Stored data:
BEGIN

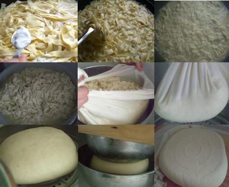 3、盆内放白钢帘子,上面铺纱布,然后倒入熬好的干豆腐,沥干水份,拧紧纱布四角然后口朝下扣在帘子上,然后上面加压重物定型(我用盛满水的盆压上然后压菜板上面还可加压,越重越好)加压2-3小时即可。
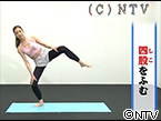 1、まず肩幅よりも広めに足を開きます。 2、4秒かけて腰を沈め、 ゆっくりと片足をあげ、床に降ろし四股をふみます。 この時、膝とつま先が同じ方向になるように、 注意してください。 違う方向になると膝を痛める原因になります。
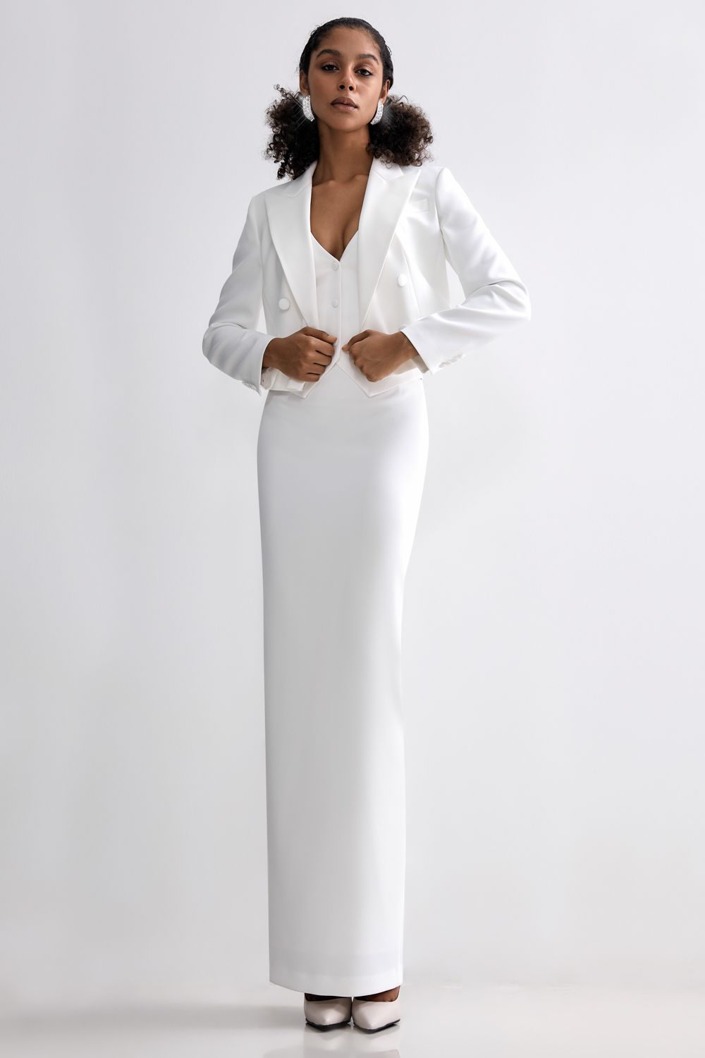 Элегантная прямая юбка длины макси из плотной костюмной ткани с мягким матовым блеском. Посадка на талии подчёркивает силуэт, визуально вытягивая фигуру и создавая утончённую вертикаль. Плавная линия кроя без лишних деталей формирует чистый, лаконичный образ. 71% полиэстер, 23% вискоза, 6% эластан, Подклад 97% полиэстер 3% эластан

END

Exercise directions: Give an exact copy of the data, and omit any pictures it holds.

Exercise solution:
 3、盆内放白钢帘子,上面铺纱布,然后倒入熬好的干豆腐,沥干水份,拧紧纱布四角然后口朝下扣在帘子上,然后上面加压重物定型(我用盛满水的盆压上然后压菜板上面还可加压,越重越好)加压2-3小时即可。
 1、まず肩幅よりも広めに足を開きます。 2、4秒かけて腰を沈め、 ゆっくりと片足をあげ、床に降ろし四股をふみます。 この時、膝とつま先が同じ方向になるように、 注意してください。 違う方向になると膝を痛める原因になります。
 Элегантная прямая юбка длины макси из плотной костюмной ткани с мягким матовым блеском. Посадка на талии подчёркивает силуэт, визуально вытягивая фигуру и создавая утончённую вертикаль. Плавная линия кроя без лишних деталей формирует чистый, лаконичный образ. 71% полиэстер, 23% вискоза, 6% эластан, Подклад 97% полиэстер 3% эластан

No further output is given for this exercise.